Umweltprobenbank des Bundes - Auswertung der Analysen von Schwebstoffproben aus den Jahren 2005 bis 2009
Weinfurtner, Karlheinz; Fliedner, Annette
Schmallenberg: Fraunhofer-Institut für Molekularbiologie und Angewandte Oekologie, 2012. - 65
Since 2005 suspended particulate matter (SPM) is sampled monthly at sampling sites in six German rivers (Rhine, Elbe, Danube, Saar, Saale, and Mulde). Samples of SPM (sieved as fraction < 2 mm) of one year and sampling site eventually are combined to annual samples and stored at -150°C in the archive of the German Environmental Specimen Bank (ESB).
Prior to storage the SPM samples are characterized physically and chemically and analyzed for a set of elements (As, Cd, Co, Cr, Cu, Fe, Hg, Ni, P, Pb, Se, Tl, Zn) and organic compounds (PAH and chlorohydrocarbons).

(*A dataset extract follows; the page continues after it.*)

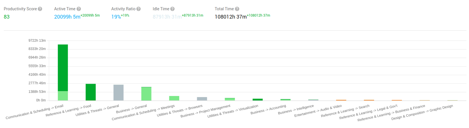 Meanwhile, Categories Distribution shows where time is being spent across different tools and workflows, helping organizations identify inefficiencies caused by overlapping platforms or underperforming systems. This turns raw usage data into actionable intelligence that can inform both IT investments and process optimization initiatives.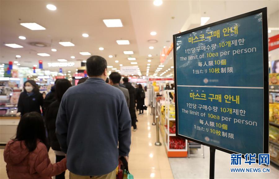 2月25日,在韩国首尔,当地居民在某大型超市排队购买口罩。 韩国疾病管理本部发布的最新统计数据显示,当地时间25日9时至16时,韩国新增84例新冠病毒感染病例,新增2例死亡病例,累计确诊病例数增至977例。 新华社/纽西斯通讯社

In this report results of the investigation period 2005 to 2009 are compiled and discussed.
Chemical and physical parameters
The data show that the physical and chemical parameters (e.g., texture, carbon content, and pH) at each sampling site are quite constant over time and show no trends. This indicates that the mode of sampling, i.e., monthly sampling and pooling of the samples to obtain yearly homogenates, obviously yields representative and reproducible samples that are not or only slightly influenced by single events like floods.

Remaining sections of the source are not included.